→ Exercise aim
Please give an exact printout of the records, without any pictures.

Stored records
BEGIN
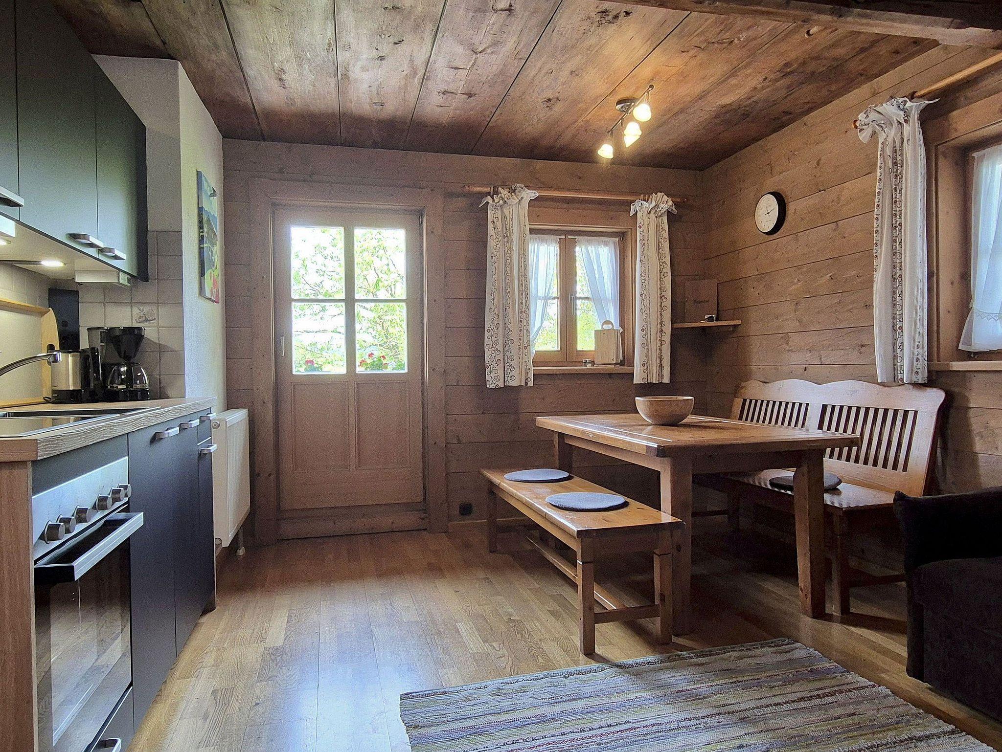 Das unter Denkmalschutz gestellte Zuhaus liegt sehr ruhig am Ortsrand mit freiem Blick auf Wiesen und Berge. Die Ferienwohnung befindet sich im 1. Stock und ist mit 2 separaten Schlafzimmern, 2 Balkonen, einer gemütlichen Wohnküche mit Essplatz und Du/WC ausgestattet. 1 Doppelzimmer kann zur FW zugemietet werden. Grillmöglichkeit mit Gartenhäuschen vorhanden.
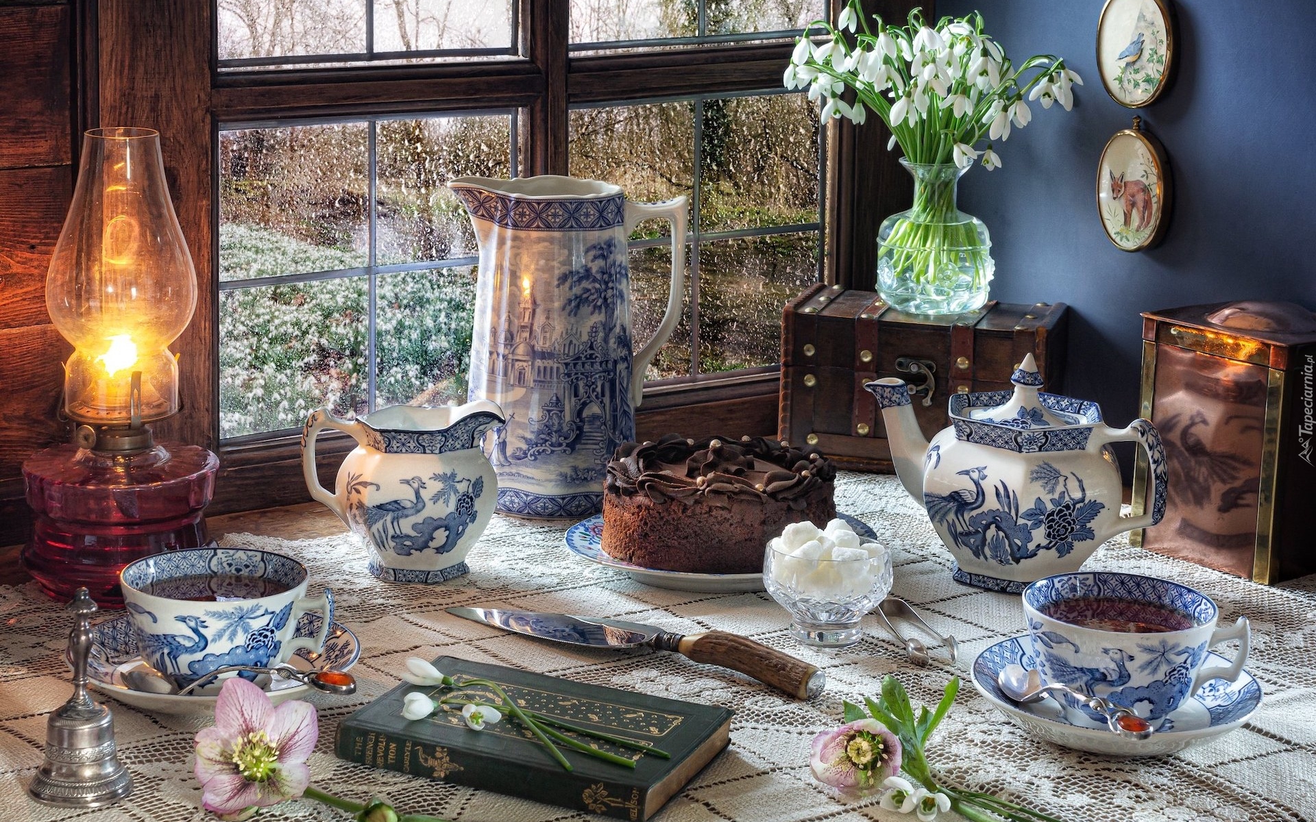 Edytor tapety: Kompozycja z bukietem przebiśniegów i tortem przy oknie
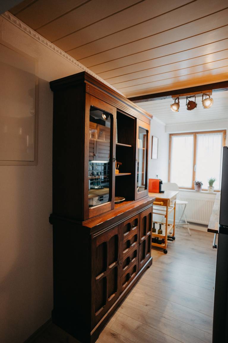Herzlich Willkommen im Altes Häusle am Waschbach. Sie wohnen in einem der älteste Häuser von Edenkoben. Einen Aufenthalt bei uns gleicht einer Reise in die Vergangenheit. Das Haus auch bekannt als Haus der schiefen Böden ist in den letzten 3 Jahren komplett Neu saniert und renoviert worden. Die Ferienwohnung Weintraube befindet sich im ersten Stock des Haupthauses und ist über eine breite Treppe zu erreichen. Die offene Küche befindet sich gleich links im Eingangs Bereich und ist komplett ausgestattet von Elektro-Geräten bis zum Geschirr und Gewürze. Die Ferienwohnung bietet Platz für Personen und mit Aufbettung im Wohnzimmer auf einer breite Schlafcouch sogar bis zu sechs Gästen.
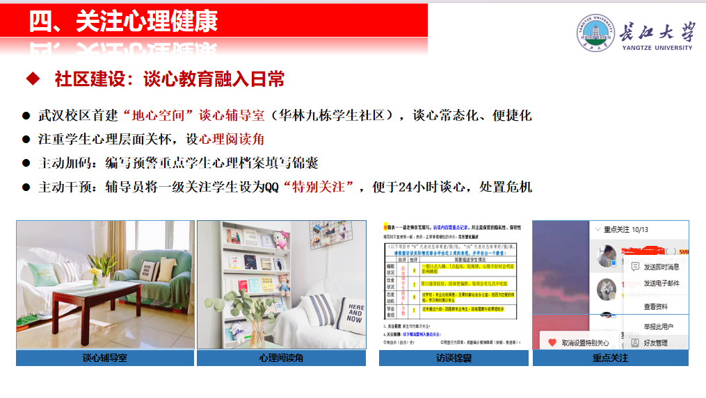 在“家校协同育人”方面,会议重点强调了毕业阶段学生可能面临的心理压力与挑战,从学业、就业、人际关系等多角度分析成因,呼吁家长注重情感支持与理性引导,避免过度施压。学院也分享了在校心理辅导资源,如“地心空间”谈心室、心理档案预警机制等,希望通过家校密切沟通,共同守护学生心理健康,实现“内紧外松”的关怀格局。
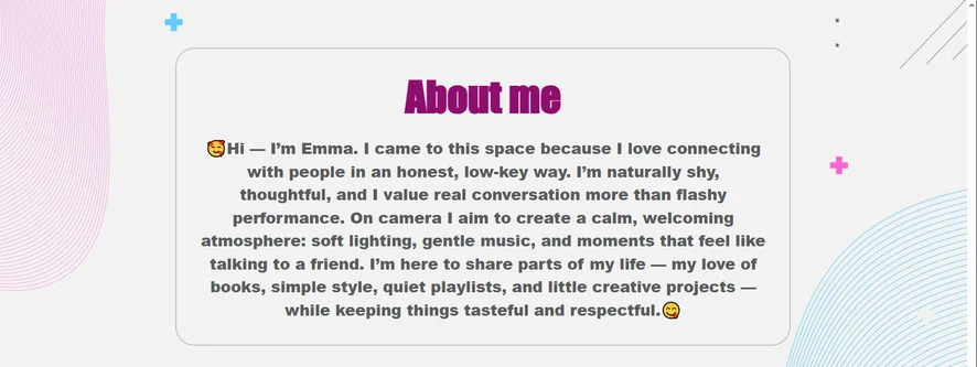 Dirty Talk, Cosplay, Hakken, Roken, Kantoor, Spanking, Erotische dans, Ahegao, Op z'n Hondjes, Voetfetisj, Koken, Pik beoordeling, Footjob, Meesteressen, Rollenspel, Olie show, Cuckolding, Aftrek opdracht, Korset, Massage, Yoga, Leer, Anaal, Topless, Masturberen, Dildo of vibrator, Hardcore, Flashing, Facial, Standje 69, Rokje omhoog, Striptease, Fisten, Vernedering, Seksspeeltjes, Pijpen, Deepthroat
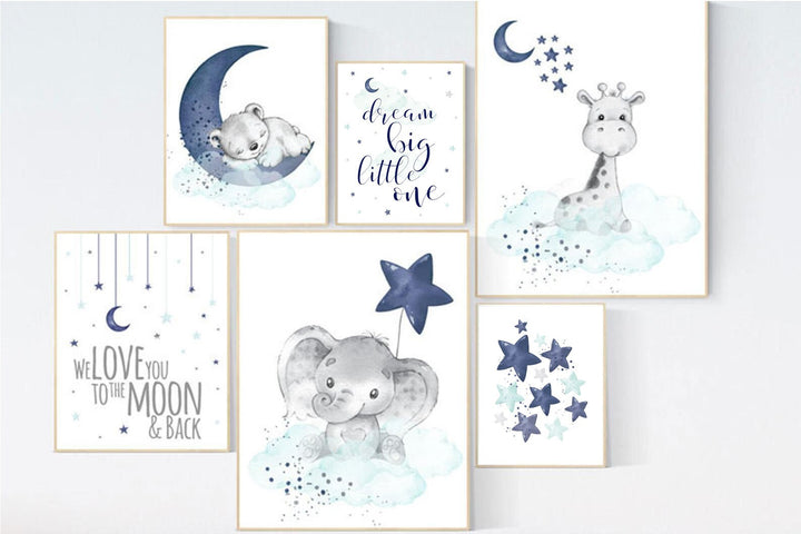 Nursery decor boy elephant, giraffe, boy nursery decor, moon and stars, navy teal nursery, boy nursery, we love you to the moon and back
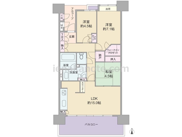 専有面積76.53平米の3LDK。玄関前にアルコーブとトランクルームがあり、玄関先から室内が見通せない造り。LDK約15.0帖に隣接する和室4.5帖は室内廊下からも出入りが可能。キッチンはI型のウォールタイプです。主寝室約7.1帖にはウォ...
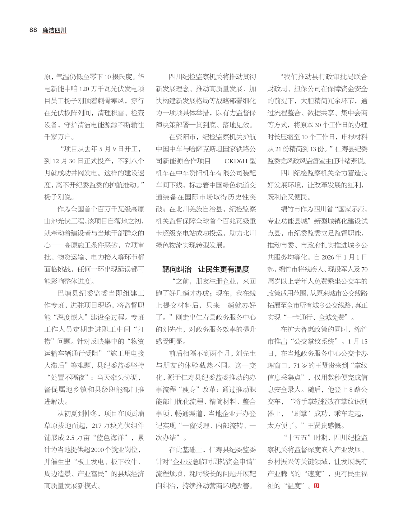 “十五五”时期,四川纪检监察机关将监督深度嵌入产业发展、乡村振兴等关键领域,让发展既有产业腾飞的“速度”,更有民生福祉的“温度”。(作者:王兆伟)
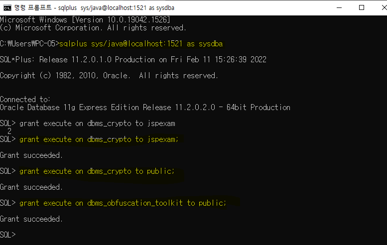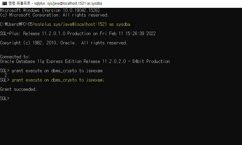 AND PWD = PKG_CRYPTO.ENCRYPT('1234');
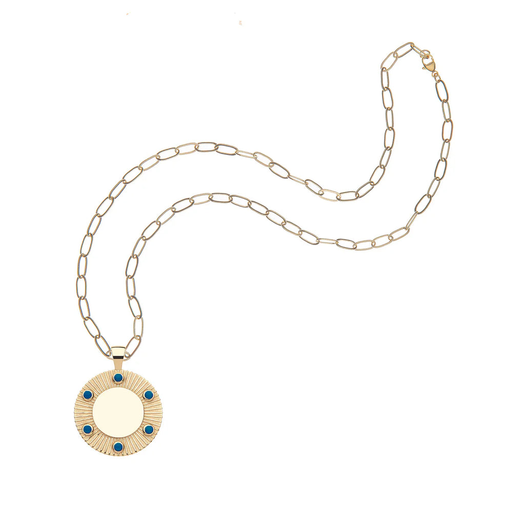 Life is a cycle of constant motion, ever turning like the Earth around the sun. Inspired by the planets circling the sun, the lapis stones on this pendant revolve around an engravable center. Engrave it with your initials or those of someone you love, and let the stones be reminders of those who surround you on your journey.
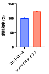 1か月間のシンバイオティクス投与(オリゴ糖:1-kestose+乳酸菌:L. plantarum FM8)により、飼料効率が対照群に比べて約23%向上した。
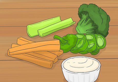 Snack on vegetables and gluten-free dips. Like fruits, vegetables will never contain gluten, and so are a reliable snacking option. Carrot sticks, celery, sliced bell peppers, and broccoli are a few popular vegetable snacks. If you'd rather not eat your vegetables plain, you can easily find a gluten-free dip to eat them with. Pairing vegetables with hummus, nut butters, flavored cream dips, salad dressing, or chunks of cheese can offer healthy gluten-free snack options. Whole fruits, nuts, rice cakes, and salads are healthy, filling, and often gluten-free.
END
→ Result for this exercise
 Das unter Denkmalschutz gestellte Zuhaus liegt sehr ruhig am Ortsrand mit freiem Blick auf Wiesen und Berge. Die Ferienwohnung befindet sich im 1. Stock und ist mit 2 separaten Schlafzimmern, 2 Balkonen, einer gemütlichen Wohnküche mit Essplatz und Du/WC ausgestattet. 1 Doppelzimmer kann zur FW zugemietet werden. Grillmöglichkeit mit Gartenhäuschen vorhanden.
 Edytor tapety: Kompozycja z bukietem przebiśniegów i tortem przy oknie
Herzlich Willkommen im Altes Häusle am Waschbach. Sie wohnen in einem der älteste Häuser von Edenkoben. Einen Aufenthalt bei uns gleicht einer Reise in die Vergangenheit. Das Haus auch bekannt als Haus der schiefen Böden ist in den letzten 3 Jahren komplett Neu saniert und renoviert worden. Die Ferienwohnung Weintraube befindet sich im ersten Stock des Haupthauses und ist über eine breite Treppe zu erreichen. Die offene Küche befindet sich gleich links im Eingangs Bereich und ist komplett ausgestattet von Elektro-Geräten bis zum Geschirr und Gewürze. Die Ferienwohnung bietet Platz für Personen und mit Aufbettung im Wohnzimmer auf einer breite Schlafcouch sogar bis zu sechs Gästen.
 在“家校协同育人”方面,会议重点强调了毕业阶段学生可能面临的心理压力与挑战,从学业、就业、人际关系等多角度分析成因,呼吁家长注重情感支持与理性引导,避免过度施压。学院也分享了在校心理辅导资源,如“地心空间”谈心室、心理档案预警机制等,希望通过家校密切沟通,共同守护学生心理健康,实现“内紧外松”的关怀格局。
 Dirty Talk, Cosplay, Hakken, Roken, Kantoor, Spanking, Erotische dans, Ahegao, Op z'n Hondjes, Voetfetisj, Koken, Pik beoordeling, Footjob, Meesteressen, Rollenspel, Olie show, Cuckolding, Aftrek opdracht, Korset, Massage, Yoga, Leer, Anaal, Topless, Masturberen, Dildo of vibrator, Hardcore, Flashing, Facial, Standje 69, Rokje omhoog, Striptease, Fisten, Vernedering, Seksspeeltjes, Pijpen, Deepthroat
 Nursery decor boy elephant, giraffe, boy nursery decor, moon and stars, navy teal nursery, boy nursery, we love you to the moon and back
 専有面積76.53平米の3LDK。玄関前にアルコーブとトランクルームがあり、玄関先から室内が見通せない造り。LDK約15.0帖に隣接する和室4.5帖は室内廊下からも出入りが可能。キッチンはI型のウォールタイプです。主寝室約7.1帖にはウォ...
 “十五五”时期,四川纪检监察机关将监督深度嵌入产业发展、乡村振兴等关键领域,让发展既有产业腾飞的“速度”,更有民生福祉的“温度”。(作者:王兆伟)
 AND PWD = PKG_CRYPTO.ENCRYPT('1234');
 Life is a cycle of constant motion, ever turning like the Earth around the sun. Inspired by the planets circling the sun, the lapis stones on this pendant revolve around an engravable center. Engrave it with your initials or those of someone you love, and let the stones be reminders of those who surround you on your journey.
 1か月間のシンバイオティクス投与(オリゴ糖:1-kestose+乳酸菌:L. plantarum FM8)により、飼料効率が対照群に比べて約23%向上した。
 Snack on vegetables and gluten-free dips. Like fruits, vegetables will never contain gluten, and so are a reliable snacking option. Carrot sticks, celery, sliced bell peppers, and broccoli are a few popular vegetable snacks. If you'd rather not eat your vegetables plain, you can easily find a gluten-free dip to eat them with. Pairing vegetables with hummus, nut butters, flavored cream dips, salad dressing, or chunks of cheese can offer healthy gluten-free snack options. Whole fruits, nuts, rice cakes, and salads are healthy, filling, and often gluten-free.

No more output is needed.